Airbus integrates MTAD as Airbus Military to manage all military activities

SEVILLE, Spain, 25 April 2009. EADS's former military transport aircraft division, MTAD, became fully integrated into Airbus. As a new Airbus business unit, Airbus Military will be accountable for all military aviation activities within Airbus.

SEVILLE, Spain, 25 April 2009. EADS's former military transport aircraft division, MTAD, became fully integrated into Airbus. As a new Airbus business unit, Airbus Military will be accountable for all military aviation activities within Airbus.

Based in Spain Airbus Military is in charge of all EADS military transport aircraft, ranging from the small CN-235 and C-295 transport aircraft, to the multi role tanker transport (MRTT) based on the Airbus A330, and the A400M. It also includes further military derivatives of Airbus civil aircraft. Airbus Military will continue to provide support and services to customers and operators.

"I am fully committed to get the A400M back on track again," says Domingo Ureña, head of Airbus Military. "Because of its unique capabilities the aircraft will set standards in military transport in the 21st century and become a success."

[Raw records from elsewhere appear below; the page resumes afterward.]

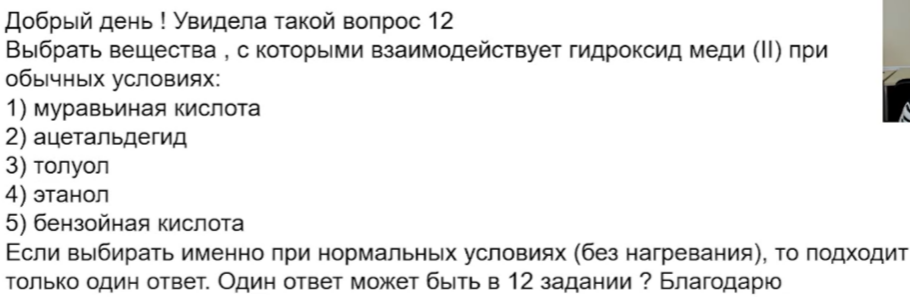 20. Cu(OH)2 реагирует с муравьиной и бензойной кислотами при обычных условиях:
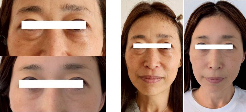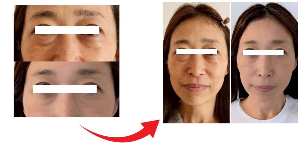 顔全体の施術後1週間程で目の下のたるみやくすみが段々薄くなり始めた。2ヶ月後、お肌のツヤ、目元の張りが出てきて、若々しい印象になりました。
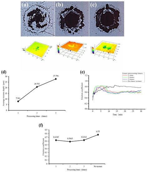 Based on the first groups of investigations, groups 11–12 used different processing times to texture the samples. By observing the texture morphologies under the super depth of field microscope, as displayed in Figure 4a–c, it was found that as the processing times increased, the sum of laser energy acting on a certain point increased, the amount of removed material increased, and the average texture depth increased as well. This was consistent with the average texture depths experimentally measured and displayed in Figure 4d. The average texture depth increased with the number of processing times. The trend of the friction coefficient of the material surface over time at various processing times is shown in Figure 4e, showing that the friction coefficient was very high at the initial wear stage. This is because at the beginning of grinding, there is still a small amount of residual molted material on the surface, resulting in excessive surface roughness. After 15 min, the friction coefficient gradually decreased and stabilized when entering the stable wear stage. This is because the texture acts as a trap for impurities such as abrasive dust, reducing the surface roughness of the substrate material while reducing abrasive wear on the surface of the substrate material. As shown in Figure 4f, the friction coefficient measured during the stable wear stage was the smallest (0.5865) when processed twice. Increasing the amount of processing times could increase the texture depth and decrease the friction coefficient, but too many processing times could increase the thickness of the recast layer, increasing the friction coefficient. Therefore, when the processing times were 2, the texture of the prepared surface minimized the friction coefficient of the material surface and optimized the anti-friction properties of the material.
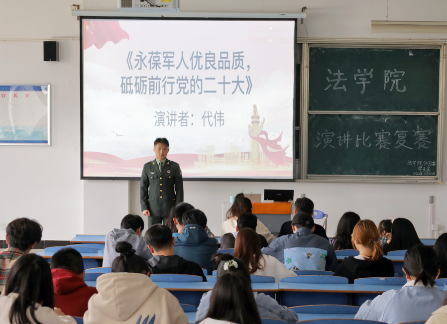“愿以吾辈之青春,捍卫盛世之中华!”……4月16日,法学院开展“讲中华好故事,做时代好青年”主题演讲比赛复赛。共16名选手参加比赛,吸引近百名同学观看。
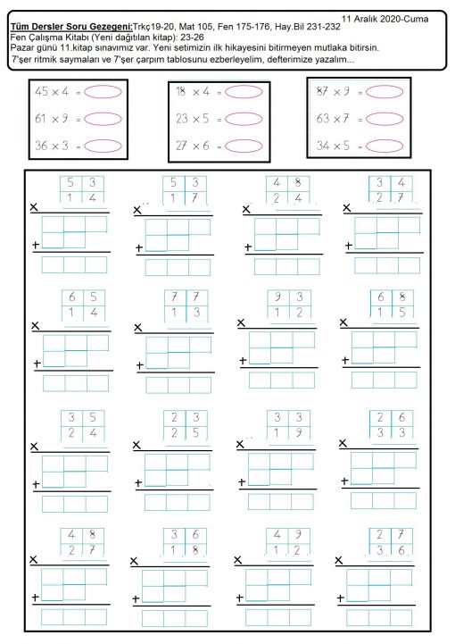 7'şer ritmik saymaları ve 7 şer çarpım tablosunu defterimize yazıp ezberleyelim....
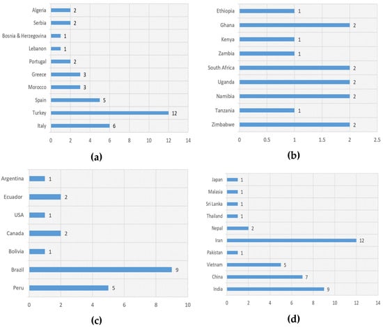 Regional distribution by country representative of forest fire risk assessment: (a) Mediterranean basin, (b) Africa, (c) America, and (d) Asia.
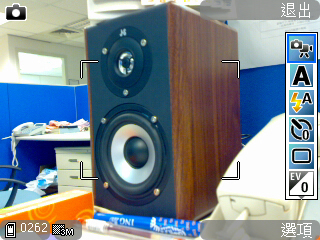光源不足的室內環境下,以自動對焦鎖定超難拍的黑色音箱,一般手機很容易拍出模糊不清,或是出現根本無法對焦的情況。但是,N73「皓雪銀」清楚拍下音箱的原貌,而且二種不同材質的黑色音箱布面也能清楚顯現差異。周圍的藍色辦公室隔版、電話機與雜物,顏色飽和、樣貌清晰。整體表現 OK,可惜光源不足稍暗,使用者可在較暗的室內開啟補光燈,色彩與清晰度的效果會更佳。
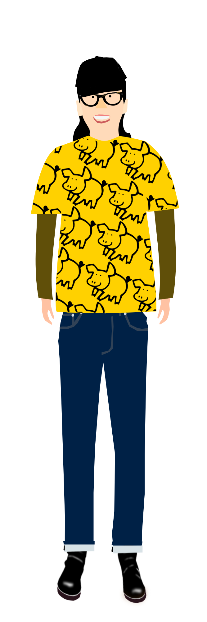 The image is a female character called "Asako" wearing a yellow T-shirt with a pig pattern . "Asako" is the avatar of "yamachem2".
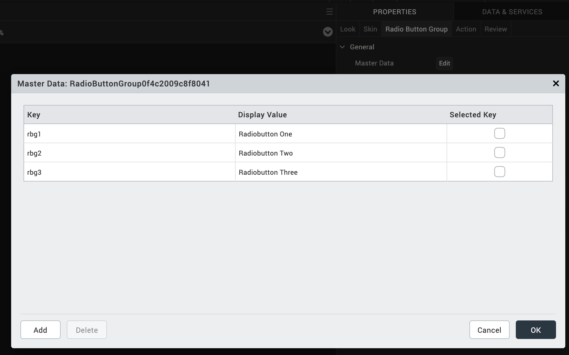 To add more radio buttons to the widget, click Add. To delete a radio button, click inside a cell, and then click Delete.
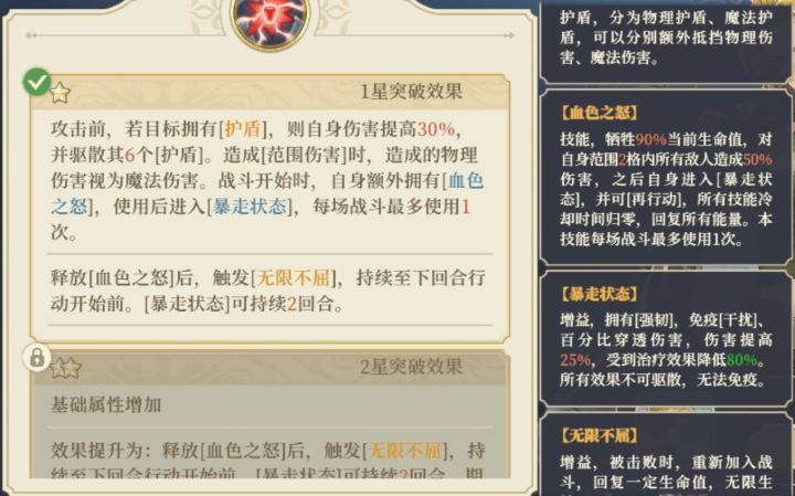 。 血色之怒是翠姐专属的瞬发技能,每一场战斗只能用一次,翠姐的再行动还是有点卡手的并非传统的再动机制,简单点说“其他的再动效果是算第二个回合,而翠姐的再动还是当前的回合”,那就意味着翠姐用的不是瞬发技能,那就接不上血色之怒,就无法再动,直到下个自己的回合才能行动。
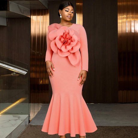AOMEIDRESS Elegant Wedding Guest Dress Package Hip O Neck 3D Flower
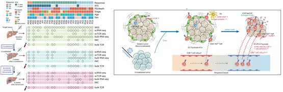 基于肝穿刺时空动态多组学研究,团队揭示了 CASTLE 方案的协同效应机制,其中康博刀 (R) 介导的冷冻消融发挥了 “免疫启动器” 的核心作用:
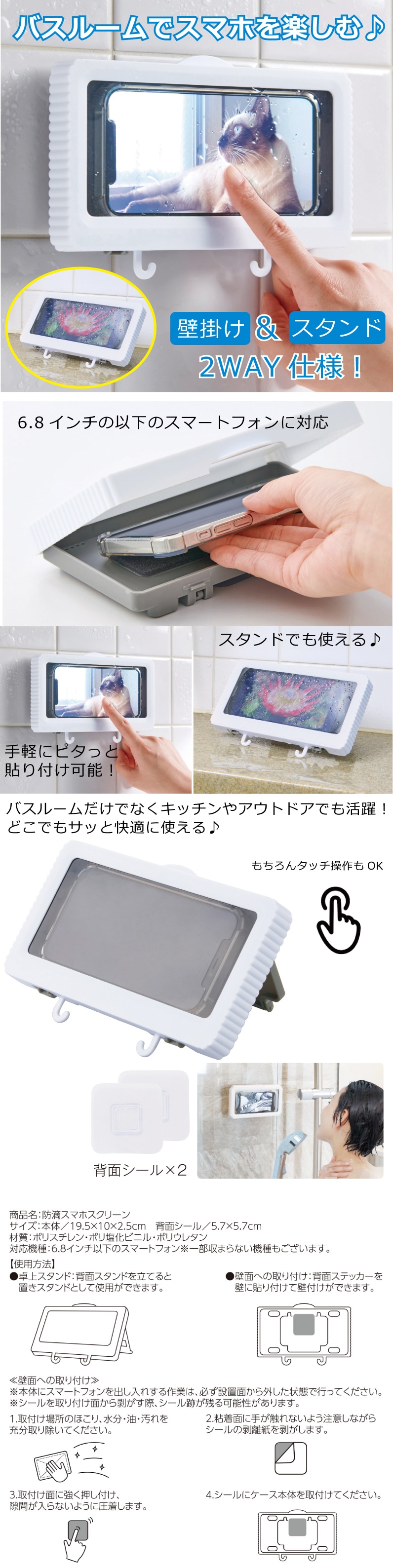 2WAY!スマホスクリーンケース | バスルームやキッチンでスマホが使える♪壁掛け・置き、どちらもOK!

"Building civil and military aircraft under one roof supports our Airbus' Vision 2020 to be a top-performing enterprise. The integration strengthens our military business by providing the right capabilities and structures to address the program challenges ahead, particularly those of the A400M," says Airbus president and chief executive officer Tom Enders.

Airbus Military will become an Airbus business unit with profit and loss responsibility and accountability. The scope of its activities ranges from aircraft and specific military systems development and integration, to industrialization, marketing, and sales.

The integration will allow the military programs' organization, and management to be more efficient. Clear and unified command lines will be implemented. The A400M program now falls under the full and sole responsibility of Domingo Ureña, the new head of Airbus Military.

A better allocation of industrial and engineering resources will be one of the benefits of this integration, Airbus officials say. Operational synergies at development and industrial level for both civil and military transport aircraft will be fully explored, while at the same time safeguarding and leveraging Airbus Military's specific capabilities.